Prevention and antagonism of acute carbofuran intoxication by memantine and atropine

Abstract

Male Sprague‐Dawley rats administered with a sublethal acute dose of carbofuran (1.5 mg/kg, sc) developed the observable toxic signs of anticholinesterase nature within 5–7 min. The toxic signs with increasing propensity to maximal severity including tremors, generalized muscle fasciculations, and convulsions were evident during 15 min to 1 h and lasted for 2 h. Thereafter, signs were seen up to 3 h with reduced intensity. By the end of 3.5 h toxic signs were completely subsided. Maximal acetyl‐cholinesterase (AChE) inactivation occurred at 1 h in discrete brain regions (cortex, stem, striatum, and hippocampus) and hemidiaphragm muscle when most severe signs of toxicity were also evident.

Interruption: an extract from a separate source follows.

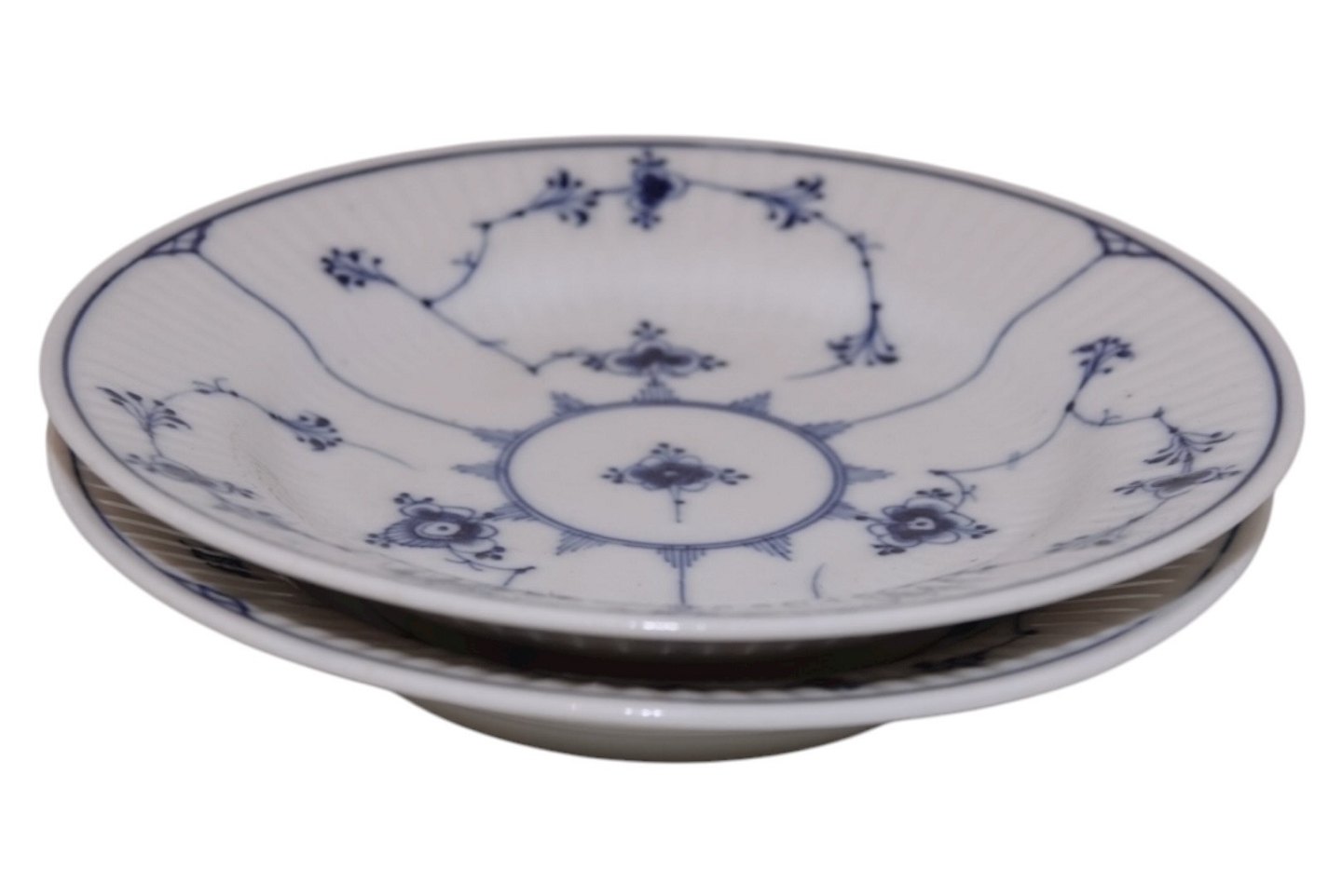 Beskrivelse: Bing & Grøndahl Blåmalet Riflet (Musselmalet Riflet), lille brødtallerken.

A single sc dose of memantine HCI (MEM, 18 mg/kg) and atropine sulfate (ATS, 16 mg/kg) 60 and 15 min, respectively, prior to carbofuran administration completely prevented the expected gross toxic signs and significantly (p<.01) attenuated the carbofuran‐induced inhibition of AChE activity. When given therapeutically, this combined treatment completely reversed the clinical evidence of carbofuran toxicity within 15 min and also markedly reduced AChE inactiva‐tion. Memantine or atropine when given alone was less effective compared to their combined administration. The results of this study suggested that, in addition to cholinolytic effects of atropine, memantine may prevent and antagonize the acute toxicity of carbofuran by (a) protection of AChE activity and its rapid reactivation from inhibition and (b) rapid elimination of carbofuran.